REQUIRED ACTION >> Make an exact transcript of the lines in the data below, starting with the one containing "Made for those" and going on through the one containing "Abstraktes Tiefer Ausschnitt Minikleid", with both included and the pictures left out.

RAW DATA >>

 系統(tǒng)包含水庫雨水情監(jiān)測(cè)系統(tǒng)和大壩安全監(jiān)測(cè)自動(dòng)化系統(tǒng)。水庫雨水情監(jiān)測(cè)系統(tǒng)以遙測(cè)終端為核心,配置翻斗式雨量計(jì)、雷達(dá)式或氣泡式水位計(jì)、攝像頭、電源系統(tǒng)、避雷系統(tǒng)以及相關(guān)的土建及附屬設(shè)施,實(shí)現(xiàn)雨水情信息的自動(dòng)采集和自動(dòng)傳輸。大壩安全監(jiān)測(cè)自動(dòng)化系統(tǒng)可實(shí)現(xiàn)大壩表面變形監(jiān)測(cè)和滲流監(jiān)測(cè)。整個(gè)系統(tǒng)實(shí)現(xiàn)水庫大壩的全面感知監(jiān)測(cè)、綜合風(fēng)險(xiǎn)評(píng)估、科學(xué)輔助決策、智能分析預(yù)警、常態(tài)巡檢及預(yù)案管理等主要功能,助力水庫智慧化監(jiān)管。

--

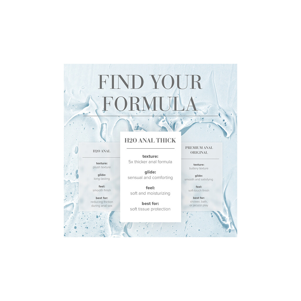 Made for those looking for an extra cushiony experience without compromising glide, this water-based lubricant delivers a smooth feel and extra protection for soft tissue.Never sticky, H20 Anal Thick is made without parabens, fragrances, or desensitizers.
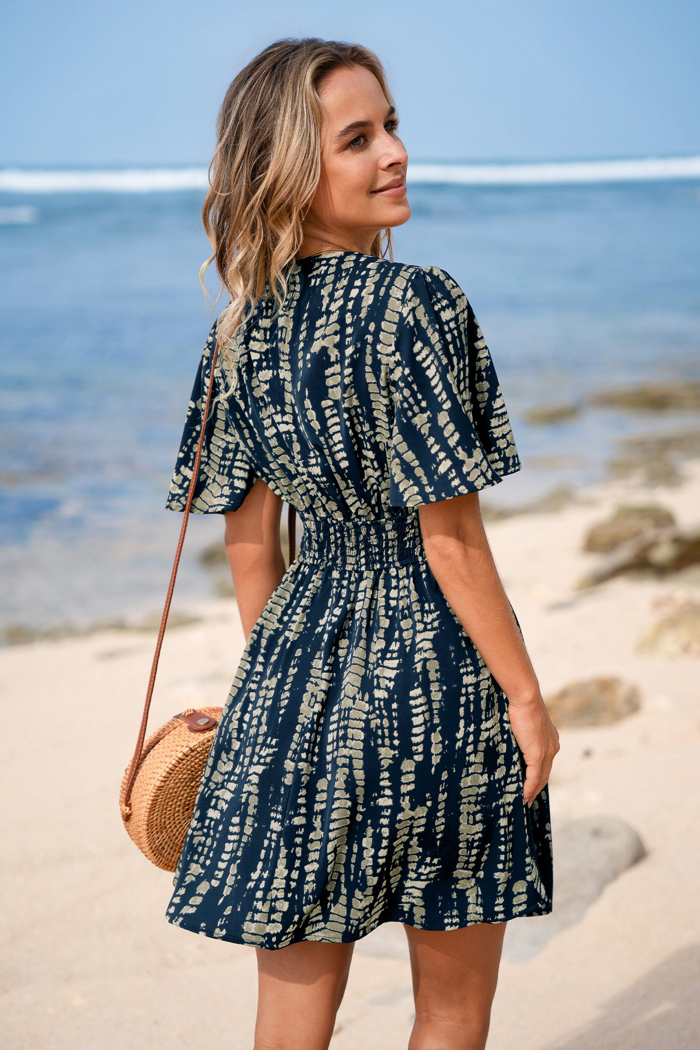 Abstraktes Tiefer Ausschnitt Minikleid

TASK SOLUTION >>
 Made for those looking for an extra cushiony experience without compromising glide, this water-based lubricant delivers a smooth feel and extra protection for soft tissue.Never sticky, H20 Anal Thick is made without parabens, fragrances, or desensitizers.
 Abstraktes Tiefer Ausschnitt Minikleid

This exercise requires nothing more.